DATA EXCERPT:
>>>>>
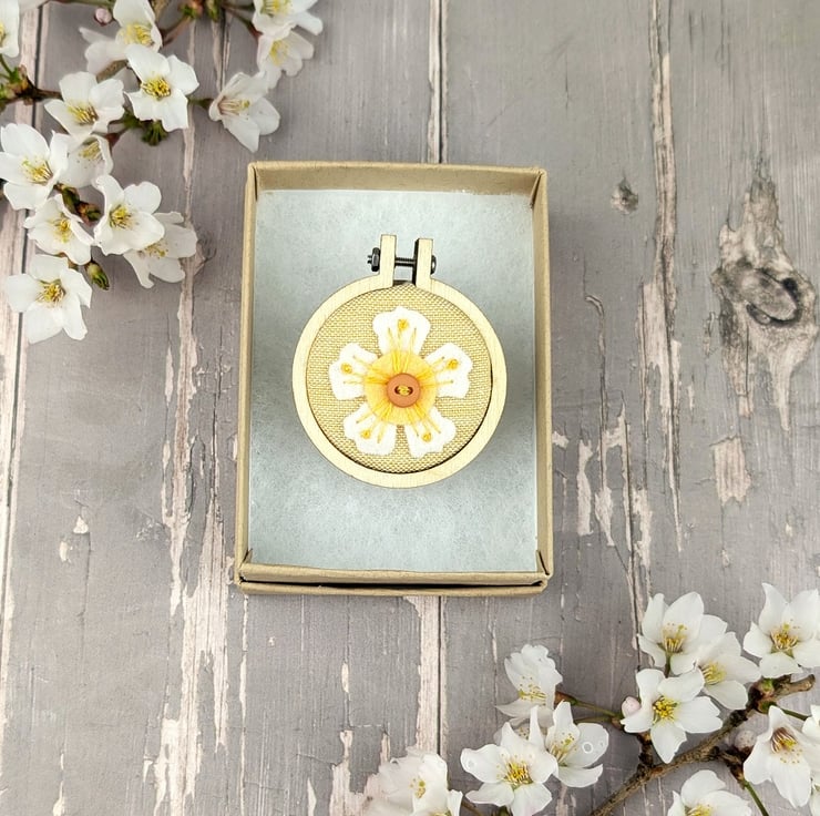 This listing is for a 40mm embroidered blossom brooch. Each one is hand embroidered with straight stitch and french knots with a coordinating button on a felt blossom with a contrasting felt centre.
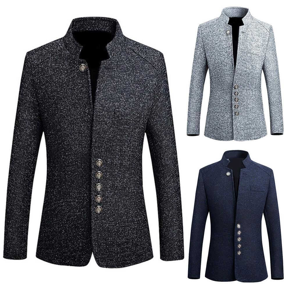 1X Men Solid Color Long Sleeve Stand Collar Single-breasted Plus Size Slim B Men B Solid Color Single Breasted Autumn
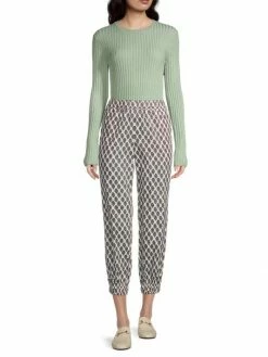 Tory Burch Sweater Ribbed Metallic Stripe Clear Mint
<<<<<
THE TASK: Please write out the entire listing above exactly, but leave the pictures out.

TASK RESPONSE:
 This listing is for a 40mm embroidered blossom brooch. Each one is hand embroidered with straight stitch and french knots with a coordinating button on a felt blossom with a contrasting felt centre.
 1X Men Solid Color Long Sleeve Stand Collar Single-breasted Plus Size Slim B Men B Solid Color Single Breasted Autumn
 Tory Burch Sweater Ribbed Metallic Stripe Clear Mint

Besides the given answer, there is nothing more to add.